[[ MATERIAL FOR THIS TASK, beginning ]]

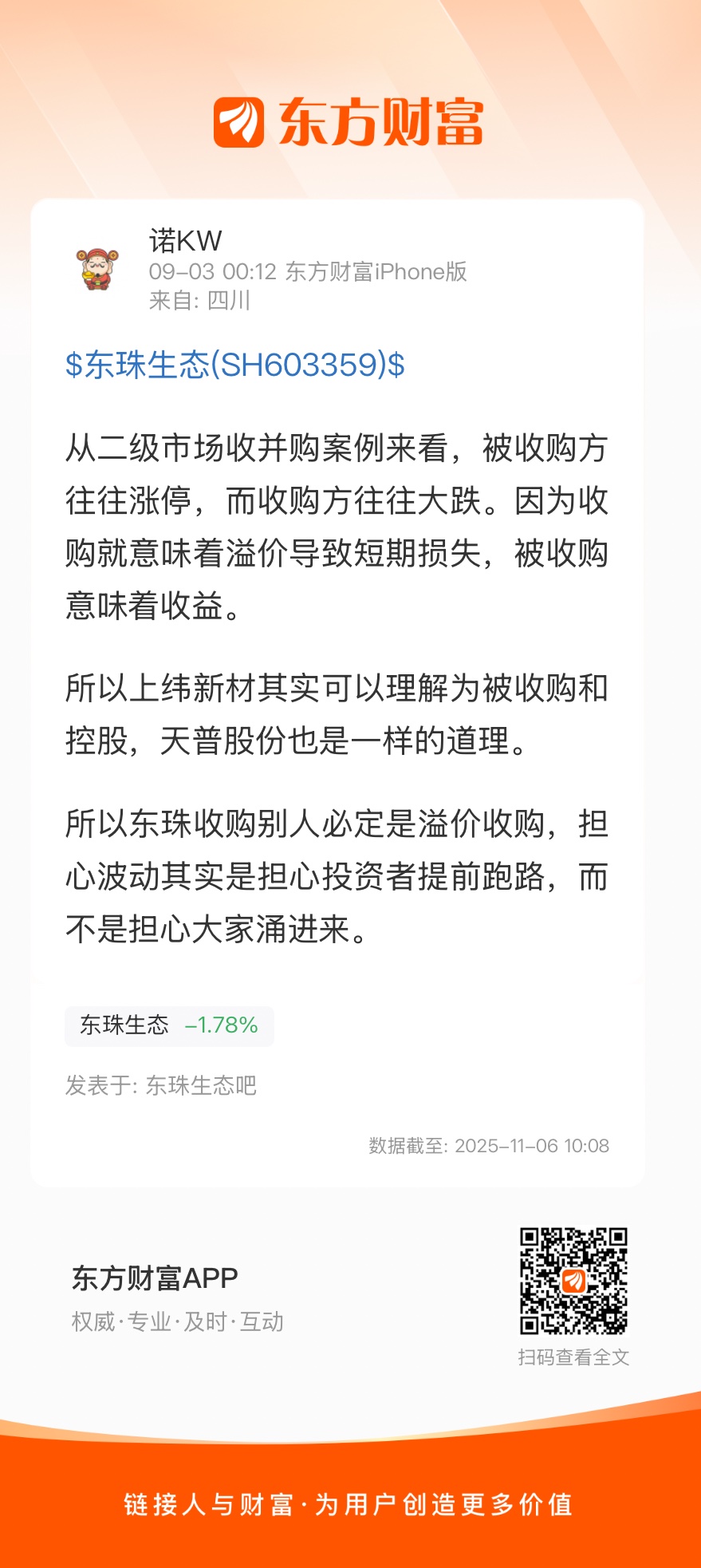 所以东珠收购别人必定是溢价收购,担心波动其实是担心投资者提前跑路,而不是担心大家涌进来。
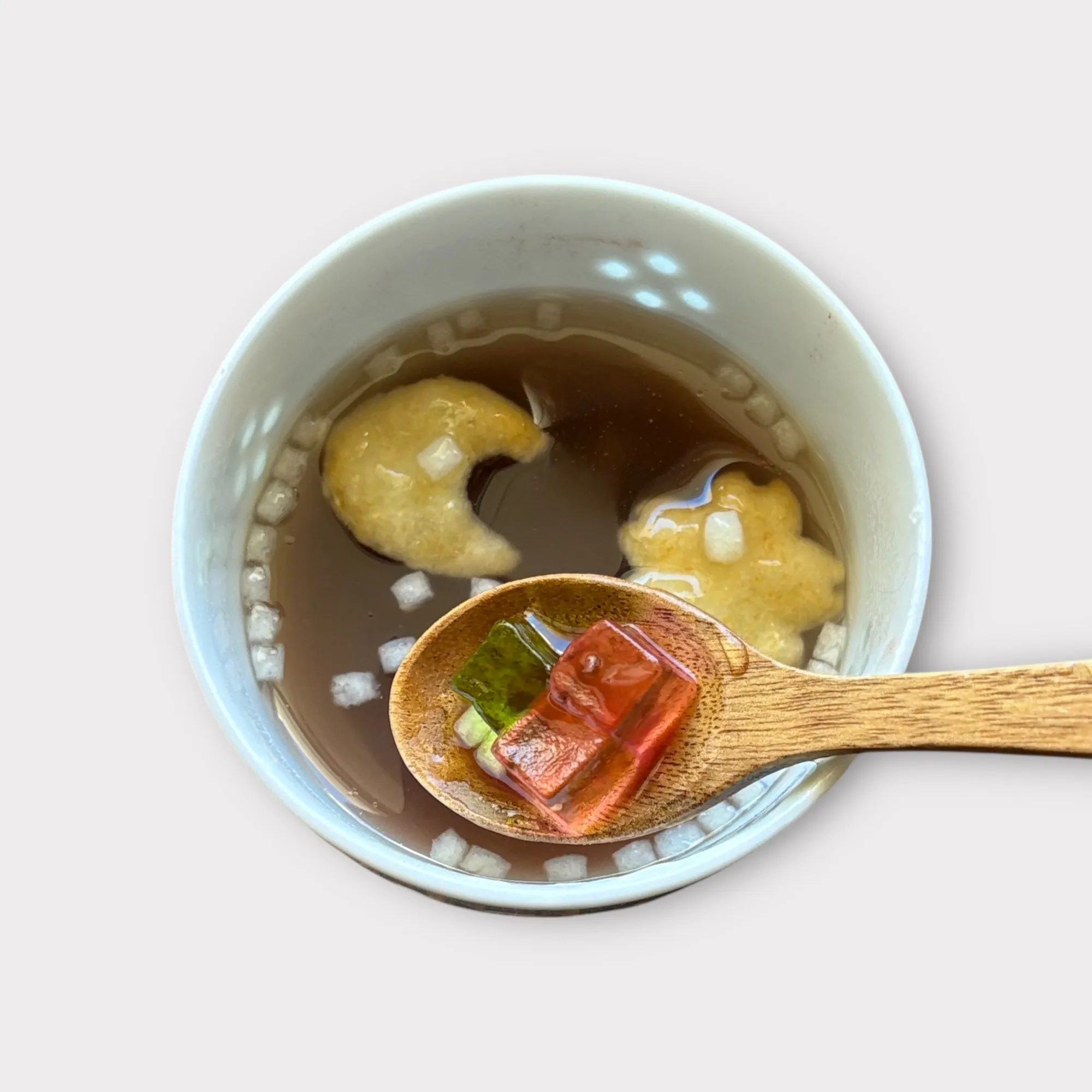 原材料:砂糖(国内製造)、乾燥餡、澱粉、餅米、水あめ、寒天、塩/着色料(赤3、黄4、青1)
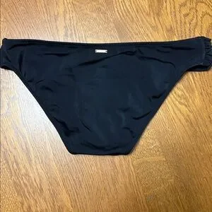 Stylish gray bikini bottoms with ruched sides. Perfect for a chic beach look.
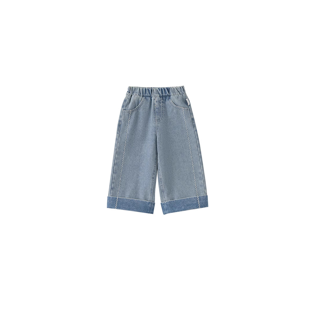 유바오 아동복 여중 청바지 2024 가을 새 어린이 한국식 컬링 올매치 바지 와이드 레그 팬츠
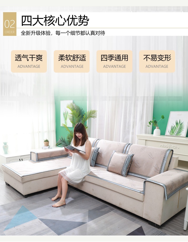 欣雨禾皮ソファマット本当に滑り止めクッションセット夏布芸简约現代四季通用の貴妃セットソファカバーオーダーメイド帝欧风情青スカートセットC単座+ダブルシート+貴妃パッド+手すりクッション九つセット
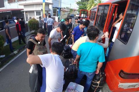 Refugees leave Tanjung Pinang immigration detention centre for new community housing. Credit: UN Migration Agency
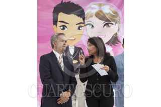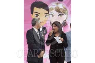 MÉXICO, D.F., 16FEBRERO2013.- Miguel Ángel Mancera, Jefe de Gobierno, y Alejandra Barrales, senadora del PRD, conversan al finalizar la ceremonia en la que se casaron 412 parejas en la explanada delegacional de Iztacalco. FOTO: MOISÉS PABLO /CUARTOSCURO.COM
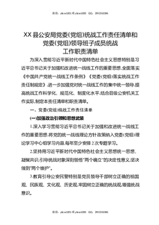 XX县公安局党委(党组)统战工作责任清单和党委(党组)领导班子成员统战工作职责清单.docx
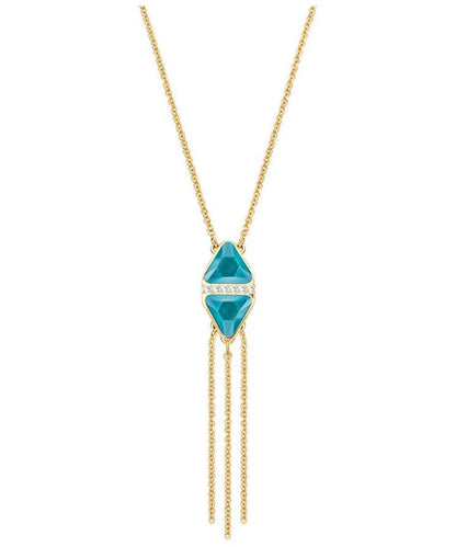 Collana Di Swarovski Da Donna Della Collezione Labyrinth. Collana Labyrinth, Multicolore, Con Placcatura Oro. Gioiello Caratterizzato Da Cristalli Turchesi Triangolari, Pavé E Nappe Placcate Oro. Lunghezza: 42 Cm, Dimensione Pendente: 1X4,5 Cm. La Referenza È 5381219
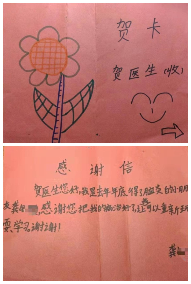 “贺医生您好,我是去年年底得了脑炎的小朋友,感谢您把我的病治好了,让我可以重新玩耍、学习,谢谢!”
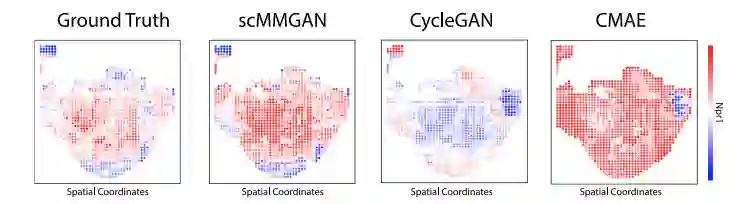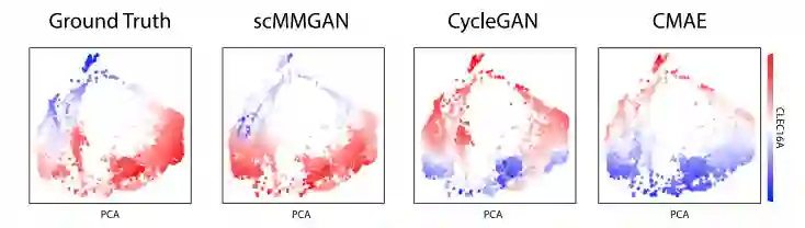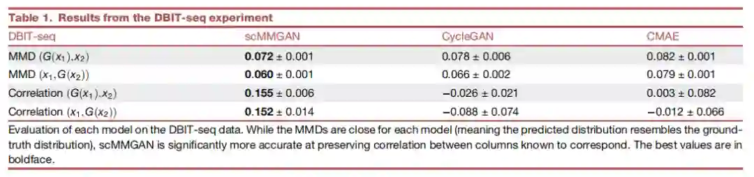 3 总结与讨论 在这项工作中,作者证明了scMMGAN可以将来自相关实验但不同模态的数据以一种通过学习映射的方式最好地保留原始细胞的属性。在scMMGAN的架构中增加了对应损失,解决了在学习映射时只说明分布级损失而产生的模糊性。这适用于各种数据类型和模式、分布形状以及实际生物实验中出现的其他设置。
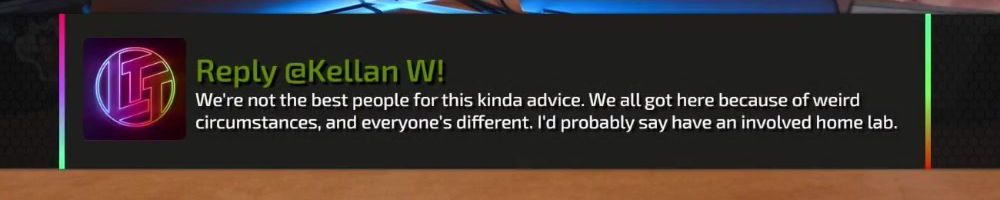 Reply @Kellan W! We're not the best people for this kinda advice. We all got here because of weird circumstances, and everyone's different. I'd probably say have an involved home lab.

[[ MATERIAL FOR THIS TASK, end ]]

YOUR TASK: Transcribe the listing above exactly, leaving every picture out.

RESPONSE TO THE EXERCISE:
 所以东珠收购别人必定是溢价收购,担心波动其实是担心投资者提前跑路,而不是担心大家涌进来。
 原材料:砂糖(国内製造)、乾燥餡、澱粉、餅米、水あめ、寒天、塩/着色料(赤3、黄4、青1)
 Stylish gray bikini bottoms with ruched sides. Perfect for a chic beach look.
 유바오 아동복 여중 청바지 2024 가을 새 어린이 한국식 컬링 올매치 바지 와이드 레그 팬츠
 欣雨禾皮ソファマット本当に滑り止めクッションセット夏布芸简约現代四季通用の貴妃セットソファカバーオーダーメイド帝欧风情青スカートセットC単座+ダブルシート+貴妃パッド+手すりクッション九つセット
 Refugees leave Tanjung Pinang immigration detention centre for new community housing. Credit: UN Migration Agency
 MÉXICO, D.F., 16FEBRERO2013.- Miguel Ángel Mancera, Jefe de Gobierno, y Alejandra Barrales, senadora del PRD, conversan al finalizar la ceremonia en la que se casaron 412 parejas en la explanada delegacional de Iztacalco. FOTO: MOISÉS PABLO /CUARTOSCURO.COM
 XX县公安局党委(党组)统战工作责任清单和党委(党组)领导班子成员统战工作职责清单.docx
 Collana Di Swarovski Da Donna Della Collezione Labyrinth. Collana Labyrinth, Multicolore, Con Placcatura Oro. Gioiello Caratterizzato Da Cristalli Turchesi Triangolari, Pavé E Nappe Placcate Oro. Lunghezza: 42 Cm, Dimensione Pendente: 1X4,5 Cm. La Referenza È 5381219
 “贺医生您好,我是去年年底得了脑炎的小朋友,感谢您把我的病治好了,让我可以重新玩耍、学习,谢谢!”
 3 总结与讨论 在这项工作中,作者证明了scMMGAN可以将来自相关实验但不同模态的数据以一种通过学习映射的方式最好地保留原始细胞的属性。在scMMGAN的架构中增加了对应损失,解决了在学习映射时只说明分布级损失而产生的模糊性。这适用于各种数据类型和模式、分布形状以及实际生物实验中出现的其他设置。
 Reply @Kellan W! We're not the best people for this kinda advice. We all got here because of weird circumstances, and everyone's different. I'd probably say have an involved home lab.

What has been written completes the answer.